Raw Story: How do you understand the distinction between mental illness and dangerousness, as the book makes?
Hughes: To answer your question, I’d like to address two of the objections that are often made against discussing psychopathology as a factor in politics. The first objection is that it medicalizes politics. To my mind, because I believe individuals with these disorders are relatively common in politics, as in other walks of life, then politics is already medicalized. It is simply a matter of recognizing this and discussing it.
The second objection is that discussing the possible psychopathology of political figures stigmatizes people with mental illness. This objection really underlines the point I made earlier about the misconceptions that make having this discussion difficult. Part of the conversation needs to be about the terms we use and the clear distinctions there are between different forms of mental illness. Suffice to say, for the moment, that mental health professionals educating the public on what dangerous personality disorders are does not stigmatise those who with mental illness any more than introducing precautionary measures to protect the public from an outbreak of ebola stigmatizes those with heart disease.

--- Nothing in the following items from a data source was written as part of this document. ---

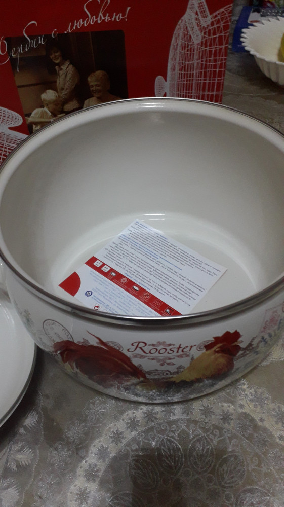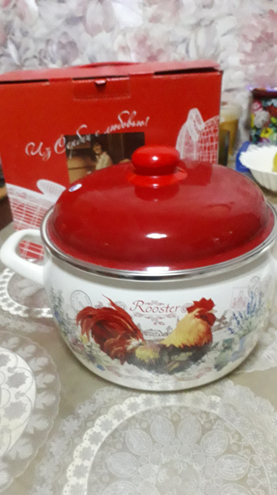 Красивая, очень радует глаз и на плите и в холодильнике, удобная, не большая не маленькая. Супчик на троих на два раза получается, которая 4 л, маленькая тоже очень классная. Все было хорошо упаковано
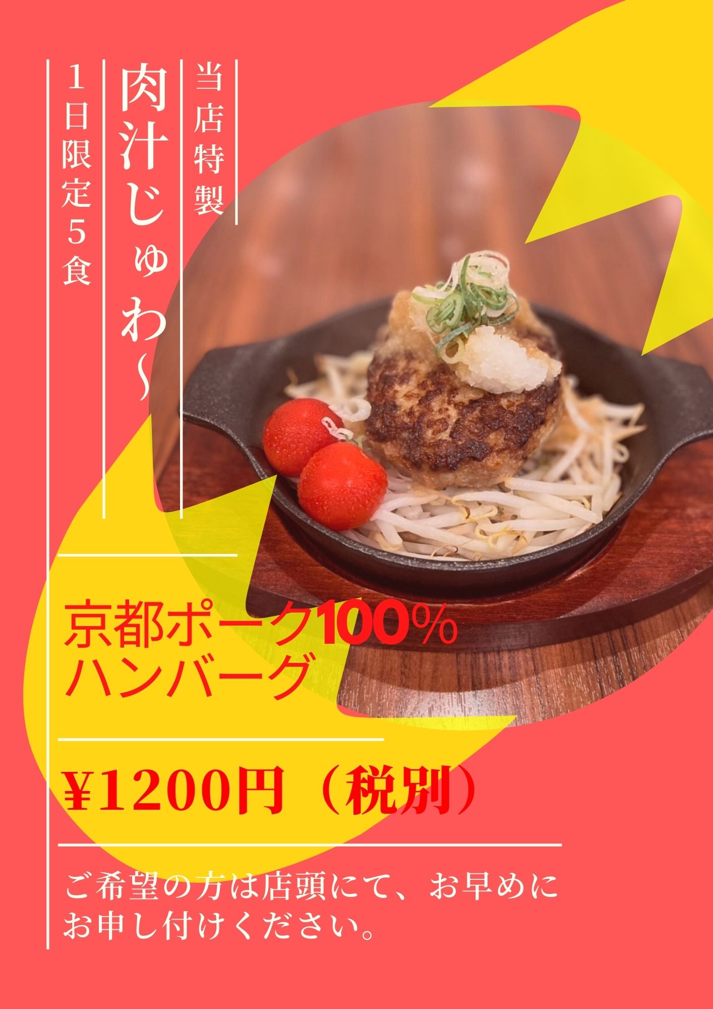 調理に時間がかかるので早めにご注文ください。
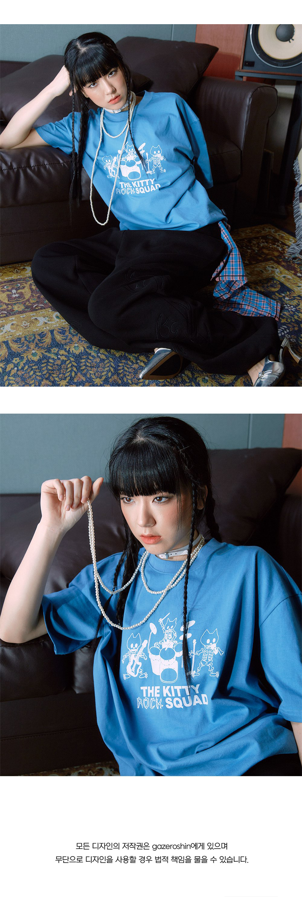 Comment 시간이 지나도 빛을 잃지 않는 뮤지션의 음악적 유산을 재해석해 보았습니다. 그들이 남긴 멜로디는 사라지지 않고 세대를 넘어 많은 이들의 마음 속에서 오래 울려 퍼집니다. 영원히 기억되는 그들의 멜로디처럼 자유롭게 연주하며 감동을 전하는 ‘키티 락 스쿼드’의 모습을 담았습니다. - Loose Fit - 전면 프린팅
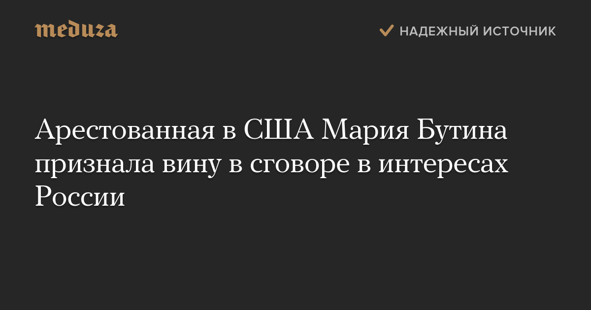 Арестованная в США россиянка Мария Бутина признала себя виновной по одному из двух пунктов обвинения — сговоре в интересах России.
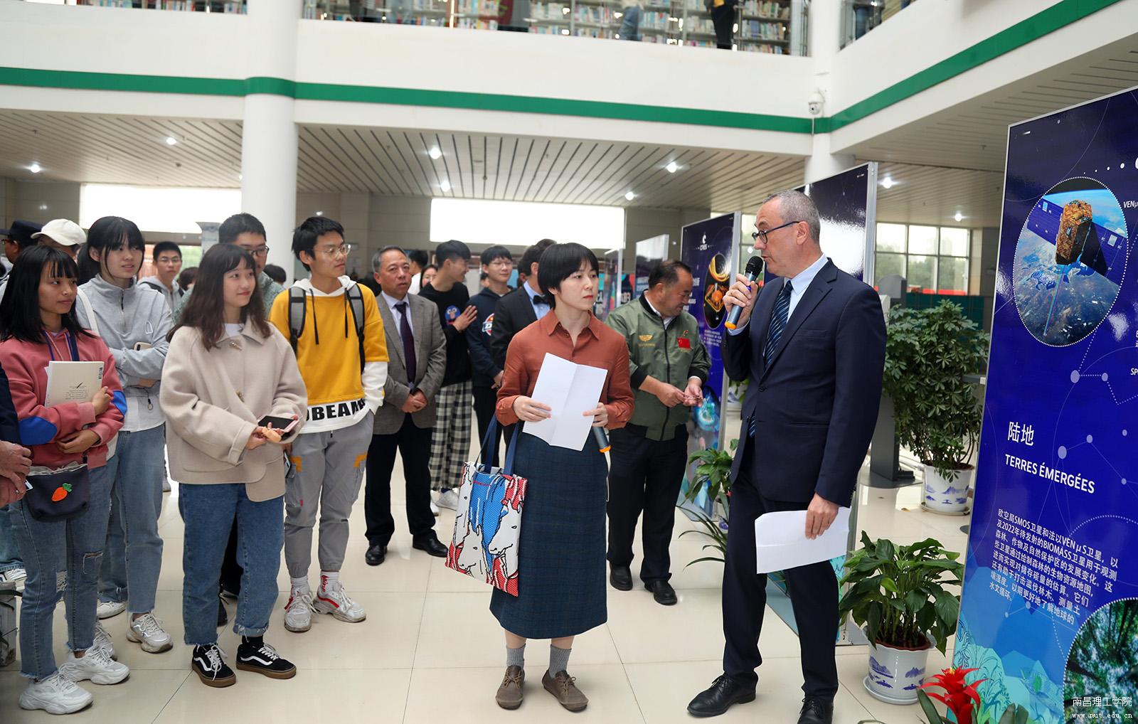 南理网讯(通讯员:刘波波)2020年11月3日,秋高气爽、阳光明媚,“第七届中法环境月图片展”开幕式在开元(中国)图文信息中心举行,此次图片展以《服务于生物多样性的航天技术》为主题。法国驻武汉总领事贵永华先生 、省教育厅国际合作与交流处雷杰华处长、法国国家空间研究中心北京办事处主任包若柏先生、法国驻武汉总领事教育专员李惟晟先生、法国高等教育署武汉中心负责人肖让先生、教育项目官员李丹女士、领事翻译非凡女士、留学顾问褚雪迪女士、南昌大学法国校友会会长方岗先生、大唐教育集团董事长单既涛先生及我校省重点实验室主任邱小林教授、副校长郭奕珊教授、副理事长张子光教授、副校长杜江洪教授、法国项目中心甘筱青教授共同出席了开幕式,学校师生代表300余人参加了此次活动。校长助理、国际交流学院院长赵波副教授主持图片展开幕式。
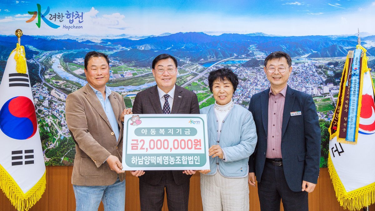 [아시아월드뉴스] 하남양떡메영농조합법인은 9일 합천군청을 방문해 아동복지기금 200만원을 전달했다.
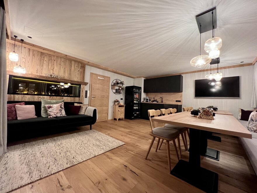 Die Ferienwohnung Alpin liegt im 1. Stock und weist eine Fläche von 65m² auf. In dieser großzügigen Wohnung ist Raum für 1 bis 4 Personen. Sie verfügt über 2 Schlaf- sowie 1 Badezimmer (mit Balkon, Radio, Dusche, WC, Handtuchtrockner, Kosmetikspiegel, Fön). Beide Schlafzimmer verfügen über 1 Doppelbett/ Boxspringbett und Balkon. Die moderne Ausstattung entspricht höchsten Wohnansprüchen: eine voll eingerichtete Küche mit Radio, Induktionsherd, Backofen, Geschirrspüler, Kühlschrank mit Tiefkühler, Toaster, Wasserkocher und Nespresso-Kaffeemaschine, sowie Flatscreen in einem Schlafzimmer und in der Küche. Die Aussichtsterrasse lädt zum Verweilen ein.
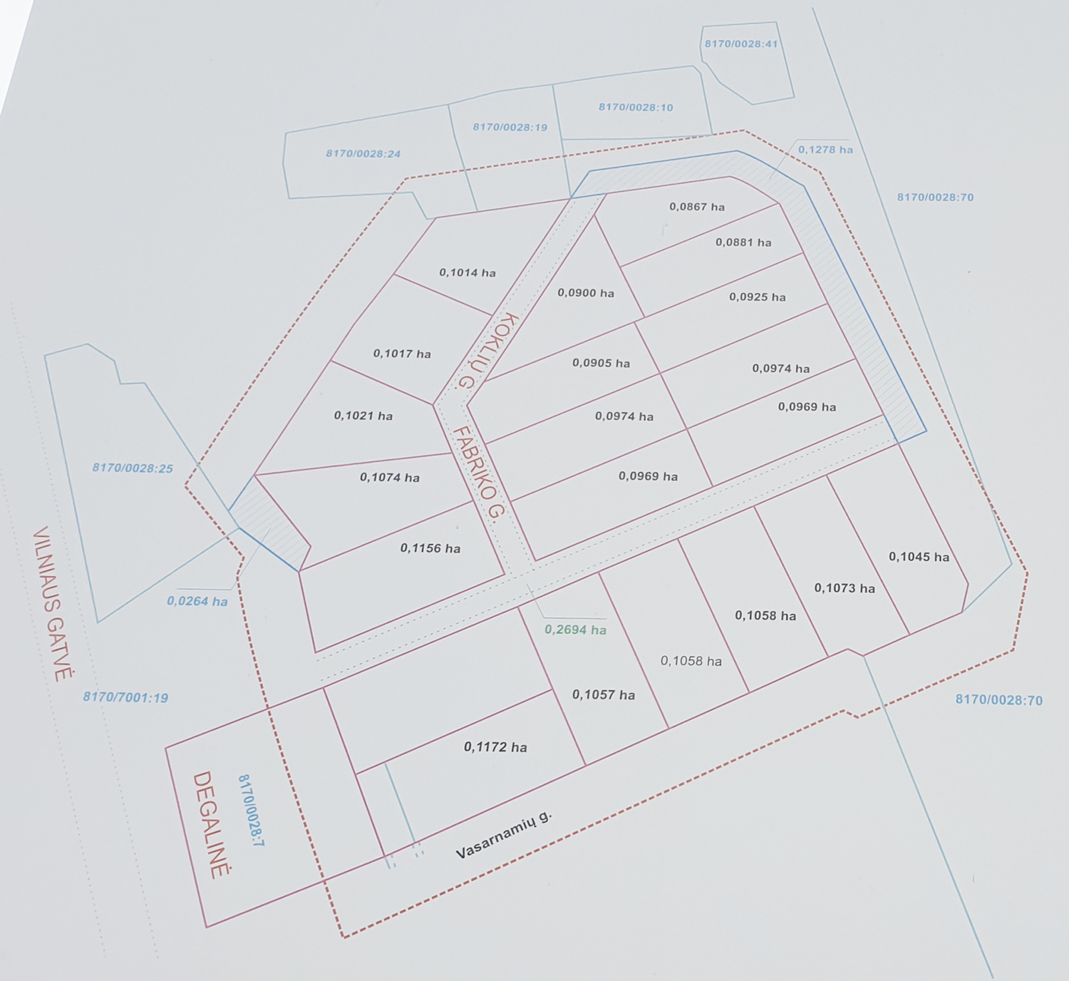 Sklypo savininkas Saulius Vilutis informavo, kad bendras teritorijos plotas – 2,5 ha namų valda. Jame suformuota dešimt sklypų, kurių plotai nuo 14 iki 21 aro. Likusiame plote numatyta įrengti žaliąsias zonas, servitutinius kelius.
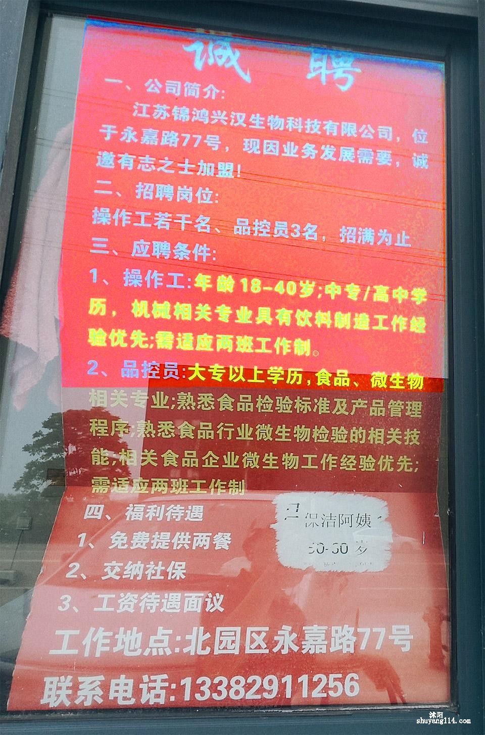江苏锦鸿兴汉生物科技有限公司更新于1天前江苏省宿迁市沭阳县永嘉路77号#企业招聘 -

Raw Story: What can society do to help encourage these conversations?
Hughes: I mentioned already that I believe that mental health professionals have a critical role to play in this discussion. But the problem is much wider than a single pathological leader. The problem is also the economic and social conditions that make so many of us agree with the hatemongering and scapegoating. It is about the enormous levels of inequality in our societies, about cultures of destructive competition and isolated individualism. It is about a narrow nationalism that allows individual countries to imagine that their fate is not wrapped up with the wellbeing of humanity as a whole. We need a fundamental conversation about the type of society we want to live in and the type of world we want to create for our children. This is a conversation that psychologists and experts from many other disciplines must participate in, but it is a conversation that involves us all. And it is a conversation we can start to have with our friends, our neighbors, and, most importantly, those with whom we disagree.